OCRmyPDF icon indicating copy to clipboard operation
OCRmyPDF copied to clipboard

Add command to skip all processing related to OCR

Open wpzdm opened this issue 3 years ago • 3 comments

Is your feature request related to a problem? Please describe. The time spent in OCR stage is quite long even with --tesseract-timeout=0, at least half of the time of a complete OCR.

Describe the solution you'd like It seems we need a --no-ocr command to skip all processing related to OCR, including OCR image. --tesseract-timeout=0 is a compromise when we do not have that command. Of course, it is a bit weird to add --no-ocr into a tool that is made for OCR. Still, I find OCRmypdf handy for post-processing, like image optimization and save to PDF/A.

Additional context See #647

wpzdm avatar Oct 09 '20 01:10 wpzdm

I am looking for a CLI linux alternative to mobile scanner apps ala CamScanner, and I, too, like to see a —no-ocr option.
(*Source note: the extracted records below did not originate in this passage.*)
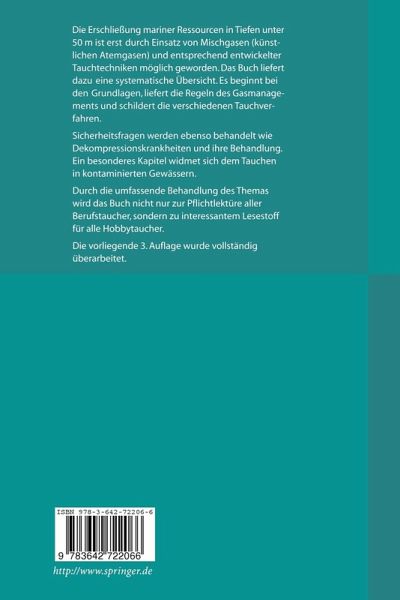 Die Erschließung mariner Ressourcen in Tiefen unter 50m ist erst durch Einsatz von Mischgasen (künstlichen Atemgasen) und entsprechend entwickelter Tauchtechniken möglich geworden. Das Buch liefert dazu eine systematische Übersicht. Es beginnt bei den Grundlagen, liefert die Regeln des Gasmanagements und schildert die verschiedenen Tauchverfahren. Sicherheitsfragen werden ebenso behandelt wie Dekompressionskrankheiten und ihre Behandlung. Ein besonderes Kapitel widmet sich dem Tauchen in kontaminierten Gewässern. Durch die umfassende Behandlung des Themas wird das Buch nicht nur zur Pflichtlektüre aller Berufstaucher, sondern zu interessantem Lesestoff für alle Hobbytaucher. Die vorliegende 3. Auflage wurde vollständig überarbeitet.
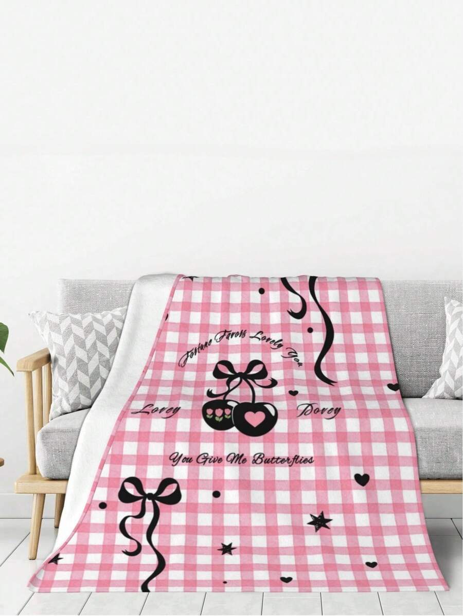 Kawaii 1 Stück Ein-Flanell bedruckte Wohndecke mit Schleifenmuster. Sie ist weich und bequem, geeignet als Tagesdecke, Sofabezug, Outdoor-Wohndecke für Schlafzimmer, Bürodecke usw. Es ist auch ein tolles Geschenk für Feiertage.
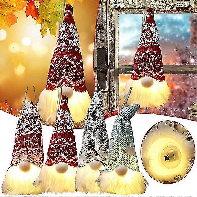 1/4pcs Christmas Decorations With Led Light Handmade Plush Scandinavian Swedish Tomte Nisse Santa Elf Dolls Lighting Hanging Christmas Tree Ornaments

NightMachinery avatar Oct 16 '20 12:10 NightMachinery

I am a new user and I do not quite understand this issue. When you write:

"The time spent in OCR stage is quite long even with --tesseract-timeout=0, at least half of the time of a complete OCR."

What you mean by "a complete OCR"? I thought you did not want to do OCR in the first place.

Isn't "--tesseract-timeout=0" equivalent to a hypothetical "--no-ocr" option? This is from the "cookbook" documentation page: -----8<-----8<-----8<----- Don’t actually OCR my PDF

If you set --tesseract-timeout 0 OCRmyPDF will apply its image processing without performing OCR, if all you want to is to apply image processing or PDF/A conversion. -----8<-----8<-----8<-----

Is that not exactly what you want with "--no-ocr"?

rdiez avatar Feb 06 '22 12:02 rdiez

From #647 the opener of this issue was complaining that even with --tesseract-timeout=0, ocrmypdf still seemed slow. The reason is partially that tesseract timeout is a bit of hack - we still do everything as if OCR were happening, we just let it timeout immediately. Basically I realized it was a "free" feature that dropped out from the existing design without any extra work on my part.

Understandably users would like the no-OCR case to be better packaged and more efficient but that does need extra work on my part, hence the delay.

jbarlow83 avatar Feb 06 '22 23:02 jbarlow83